I will wait for other opinions a little more, and I will submit a request to Bugzilla.

Thank you for your advice!


PS. I agree to the common repository style, it's great idea. JGroups has many versions and if we can install by jgroups-$(VERSION), it is very useful.

Kenjiro



On Wed, Mar 26, 2014 at 11:55 PM, Hadriel Kaplan <[email protected]> wrote:

On Mar 26, 2014, at 1:29 AM, Nakayama Kenjiro <[email protected]> wrote:

Recently I wrote new dissector by pure Lua[1] and I am thinking about submitting a request to include the dissector to Wireshark.
But as far as I checked upstream, there are no pure Lua dissector yet.

Right, none yet.

The challenge I think is that most of the core developers don't know Lua nearly as well as C, so it would be hard for them to fix any bugs, or enhance it in the future to support some new version of the protocol being dissected (JGroups in your case).

But as long as they're ok with the idea, I think it would be great to have such. It might even bring in more protocols, because it might be easier for some people to write one in Lua than deal with trying to figure out how to compile the source, or learn C if they don't know it already.

An alternative approach is to do what many other apps do: have a mechanism to find/retrieve/install/update/remove third-party plugins from a common repository site.  That way the plugins themselves aren't part of the application package and aren't officially maintained by the core application developers, but instead are maintained by the third-parties (or not, and they die off, which isn't a bad thing either).  Many good text editors/IDEs do that, for example, as do browsers, etc.  Some even do it with the ability to pull plugins from github directly, instead of storing the plugins in their own site.


And I don't know where shoudld I put the code in and how to modify Makefiles.

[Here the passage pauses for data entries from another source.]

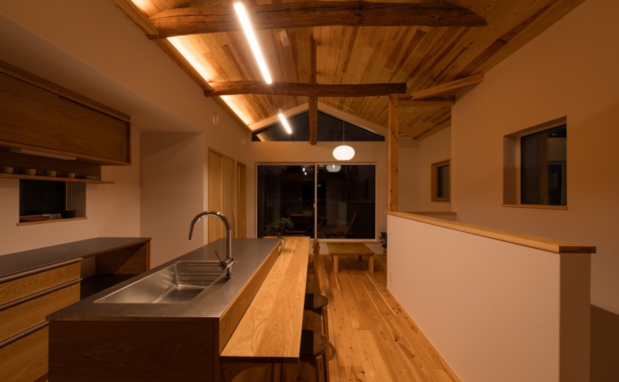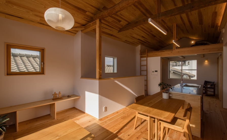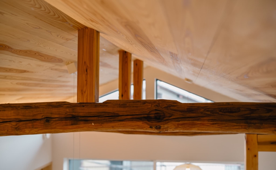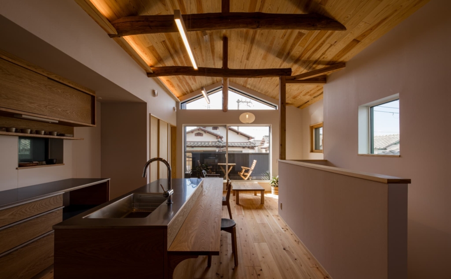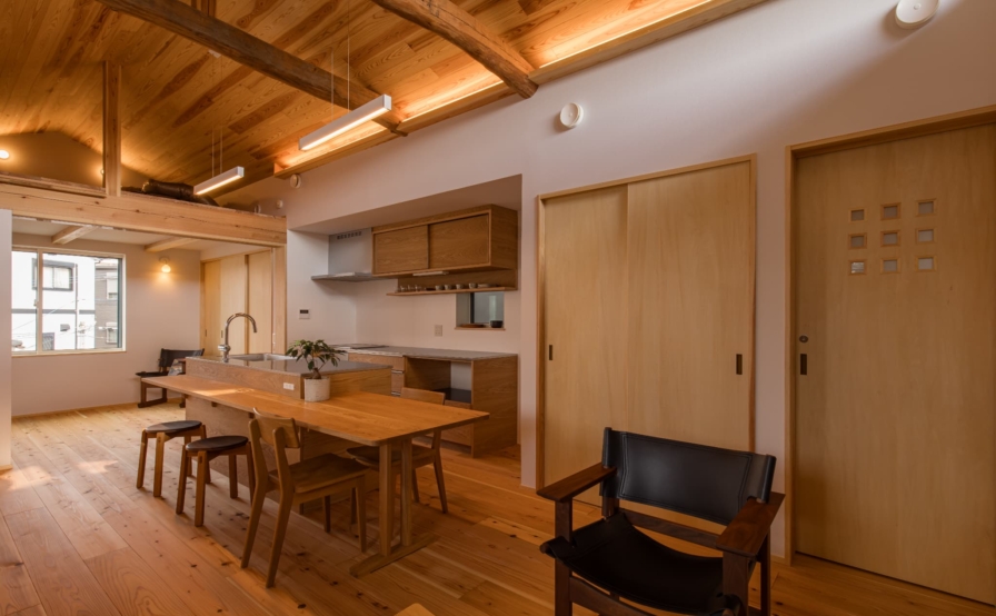 それを実現するために、耐震と断熱補強を施したうえで、2階リビングとしました。そのおかげで勾配天井となり、高さと南北に広がる広い空間が得られました。
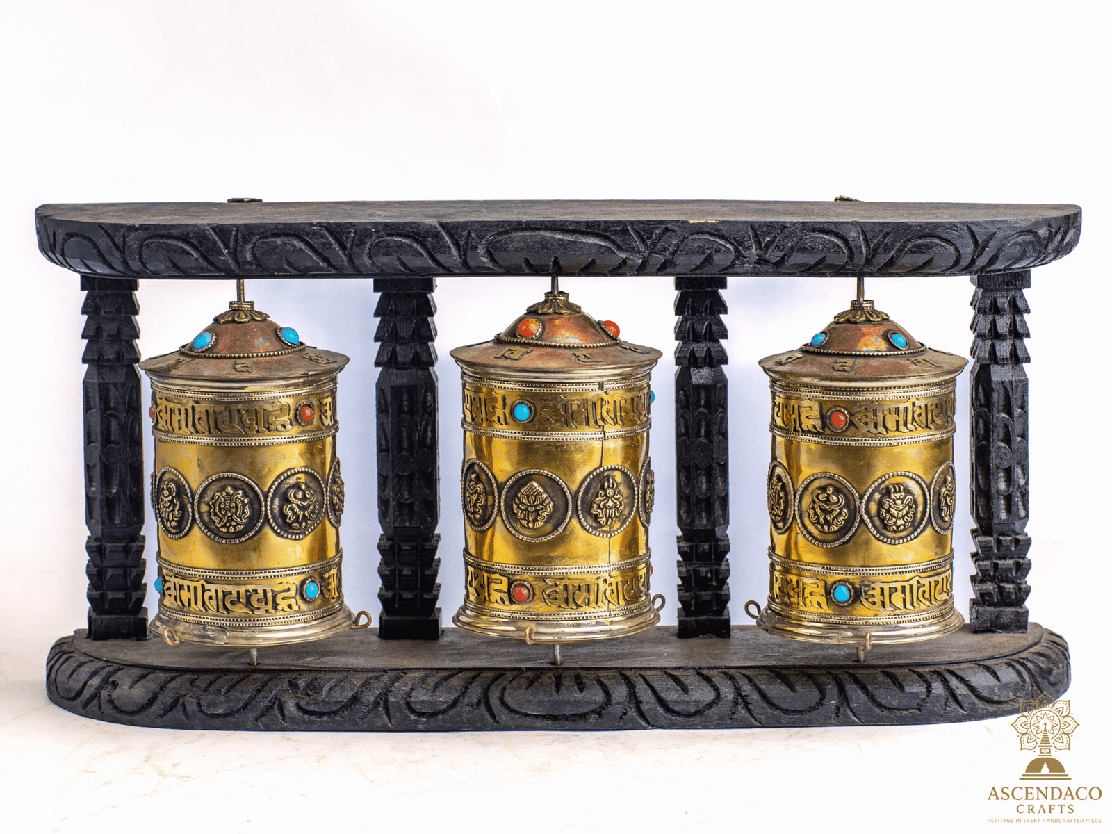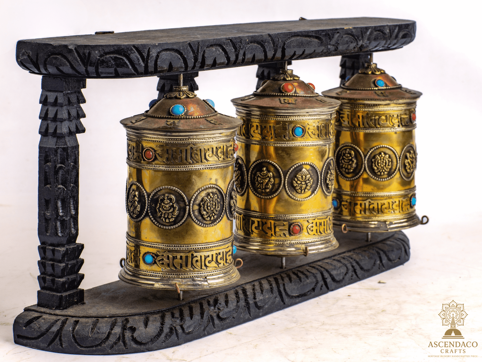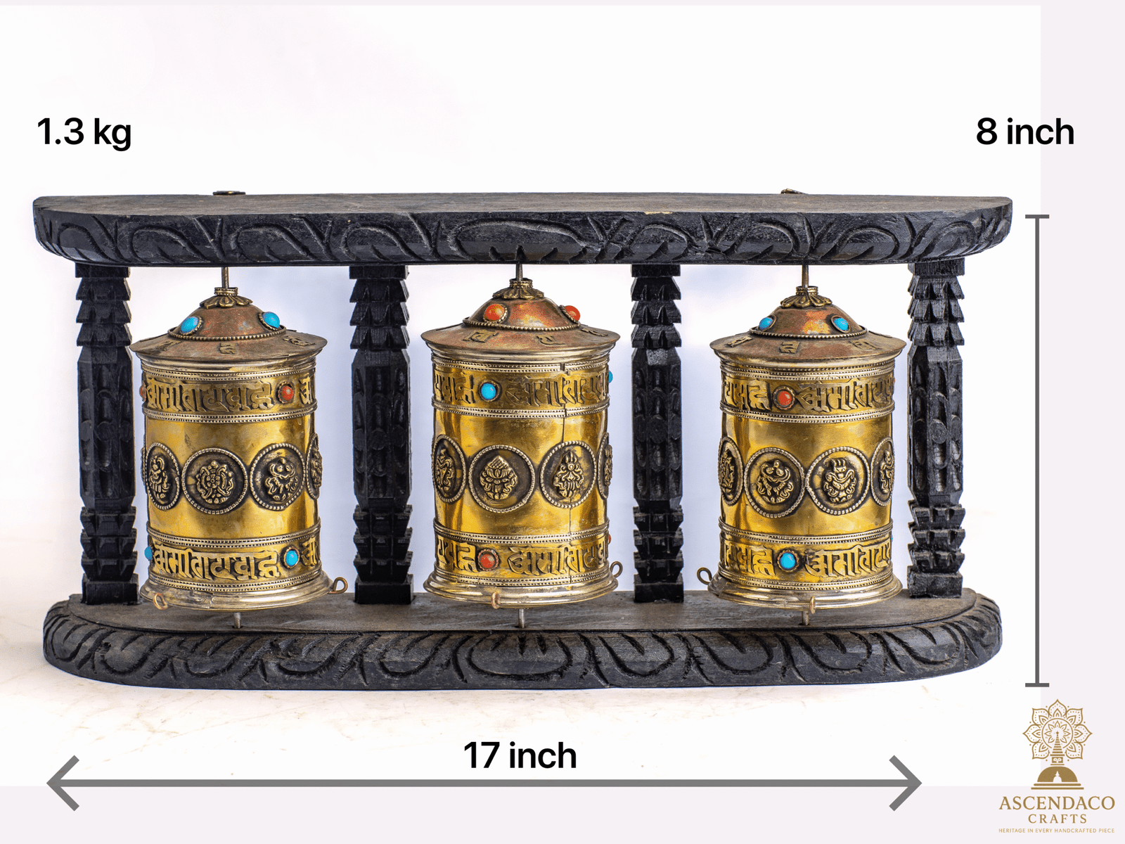 Immerse yourself in the ancient power and compassionate energy of Tibetan Buddhist tradition with this exquisite 3-piece prayer wheel (manay) set—each a masterpiece steeped in legend and spiritual symbolism.
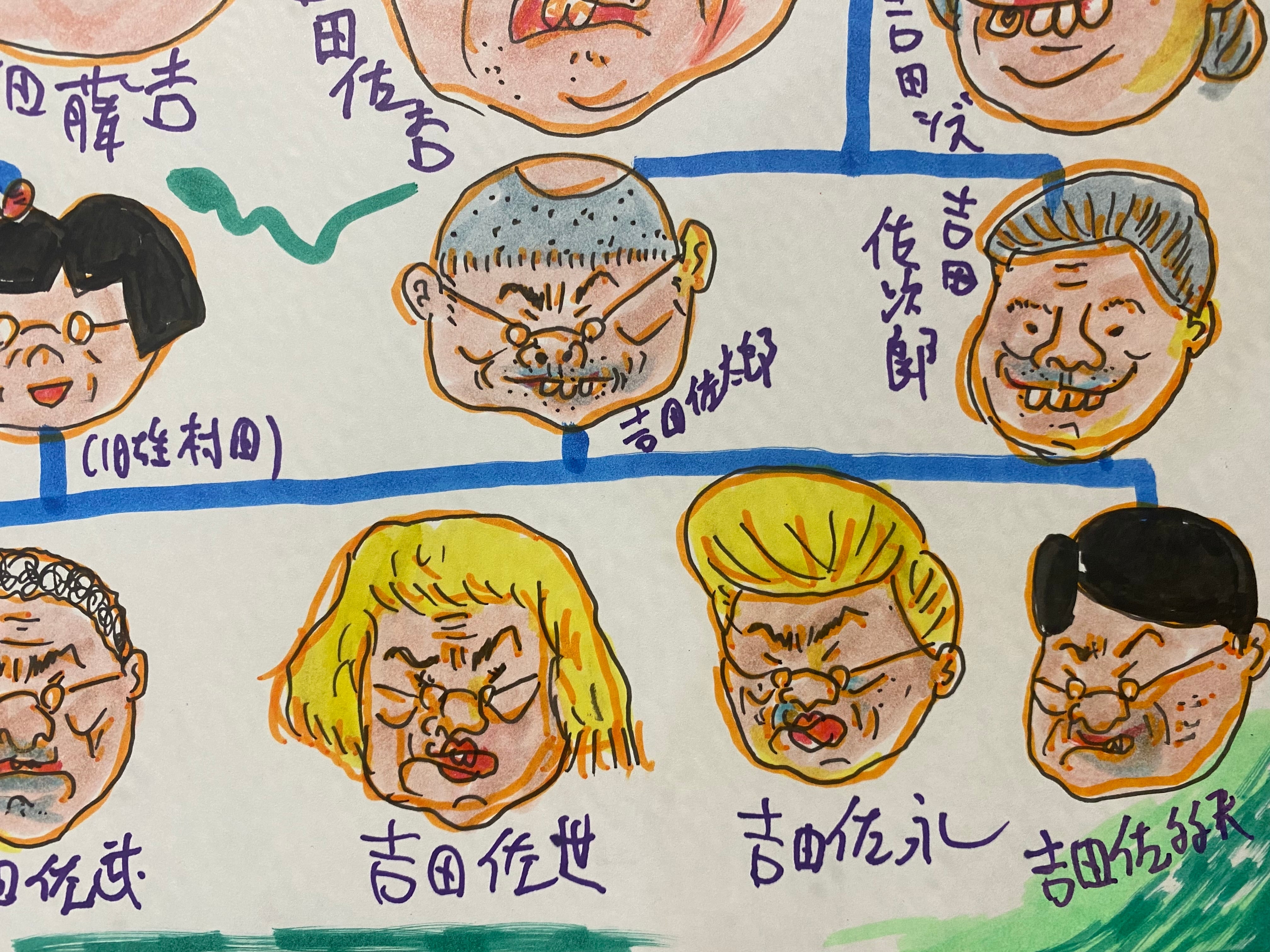 【5枚限定・原画・実印付き】『吉田家(村田家)三代顔面家系図』A 4 4/5
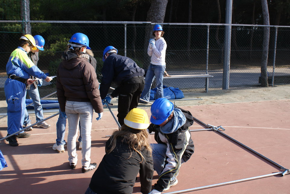 Domenica 7 marzo i ragazzi hanno seguito la prima lezione teorica sull’allestimento di una tendopoli, con interventi dei funzionari della Protezione civile regionale; gli studenti, divisi in gruppi e seguiti attentamente dai volontari, hanno poi svolto la parte pratica consistente nell’attività di montaggio delle tende.
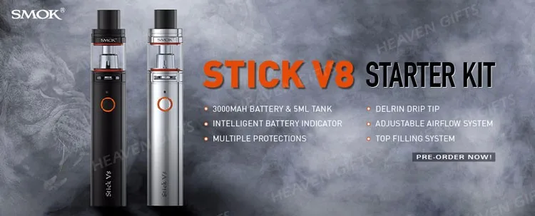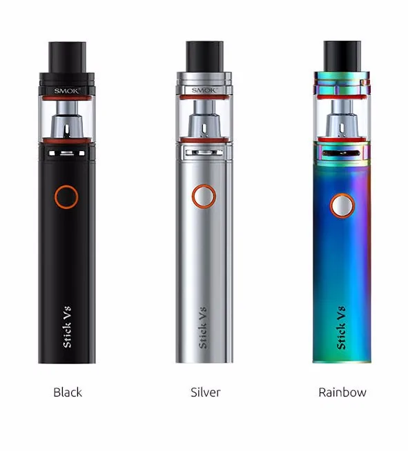 SMOK Stick V8 Kit is the latest pen style vaping device from SMOK, the battery has a 3000mAh super high capacity and 20amps continuous discharge capability, while its tank is the famous TFV8 big baby tank which is 5ml and shares all the baby beast coils. Moreover, intelligent battery indicator, adjustable airflow and top filling system will bring much convenience when using. The SMOK Stick V8 is a could beast for daily vaping. Black and Rainbow colors.

Right now two Lua files are included with Wireshark: init.lua, and console.lua.  Both are in epan/wslua and copied in the global configuration directory for installs/packages. (well, init.lua is actually generated from a perl script using template-init.lua)  If you grep the code for "console.lua" you'll see the various files that move it around.

But the global configuration directory isn't the right place really for Lua dissectors, nor is epan/wslua for the source repository.  They should probably be put into the plugins/ source directory, and be installed into the global plugins directory.

But we can work out those details if/when there's consensus to include Lua dissectors.  For example we might wan to change the loading code a bit for plugins, to have it check if a file of the same name exists in the user's personal plugins directory, and if so then to load that one instead of the one in the global plugins dir.  Or use a filename version schema and load the newest one.


So my question is
Is there any guideline to include pure Lua dissector? If no guideline yet, why don't we make it?

This is my personal opinion, now Lua became good for writing a new dissector and samples like /test/lua/dissector.lua is really great. New dissector written in Lua request will increase in the future.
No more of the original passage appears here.